The most common model used to determine the effects of covariates on survival

\[ h_i(t)=h_0(t)exp(\beta_{1}x_{i1} + \beta_{2}x_{ik} + ... + \beta_{2}x_{ik} ) \]

It is a semi-parametric model:

The baseline hazard function is unspecified The effects of the covariates are multiplicative Doesn’t make arbitrary assumptions about the shape/form of the baseline hazard function The Proportional Hazards Assumption

Covariates multiply the hazard by some constant e.g. a drug may halve a subjects risk of death at any time \(t\) The effect is the same at any time point Violating the PH assumption can seriously invalidate your model!

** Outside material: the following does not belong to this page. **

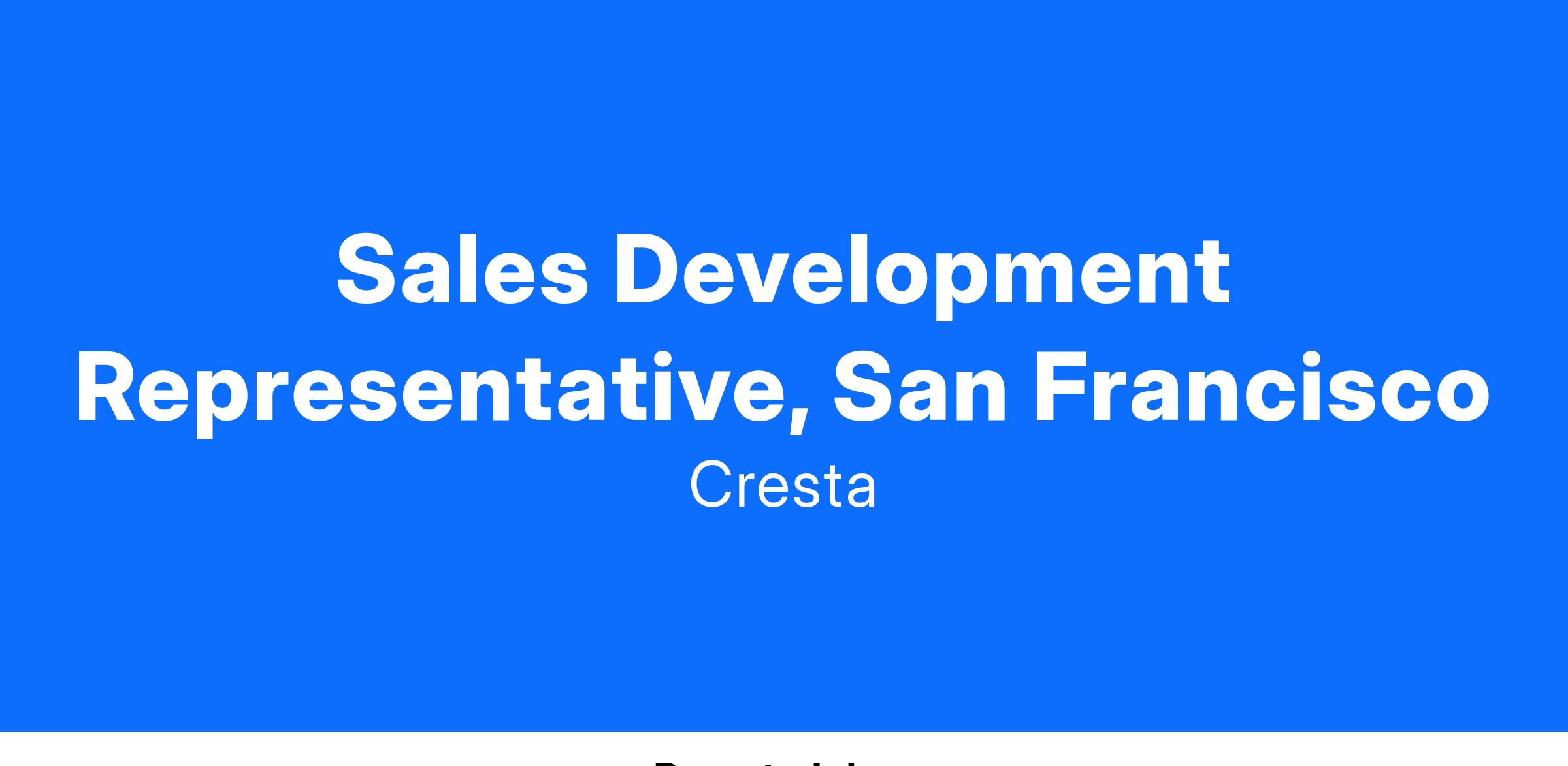 As a Sales Development Representative (SDR), you will be responsible for building pipeline through outbound prospecting and inbound qualification. You will help generate qualified leads that result in new business, supporting our scaling efforts and contributing to the success of our team. We are looking for driven professionals with sound business acumen, strong technical aptitude and natural sales instincts to join our fast growing sales organization.

1.2.7 The Survival Function (Survival curve)

\[ S(t)=Pr(T>t) \]

The Survival function (\(S\)) is the probability that the time of death (\(T\)) is greater than some specified time (\(t\))

It is composed of:

The underlying Hazard function (How the risk of death per unit time changes over time at baseline covariates) The effect parameters (How the hazard varies in response to the covariates)

1.2.8 Hazard Probability

In the medical world, doctors often want to understand which treatments help patients survive longer and which have no effect at all (or worse). In the business world, the equivalent concern is when customers stop.
This is particularly true of businesses that have a well-defined beginning and end to the customer relationship subscription-based relationships. These relationships are found in a wide range of industries, such as insurance, communication, cable televisions, newspaper/magazine subscription, banking, and electricity providers in competitive markets.
The basis of survival data mining is the hazard probability, the chance that someone who has survived for a certain length of time (called the customer tenure) is going to stop, cancel, or expire before the next unit of time.
This definition assumes that time is discrete, and such discrete time intervals whether days, weeks, or months often fits business needs. By contrast, traditional survival analysis in statistics usually assumes that time is continuous.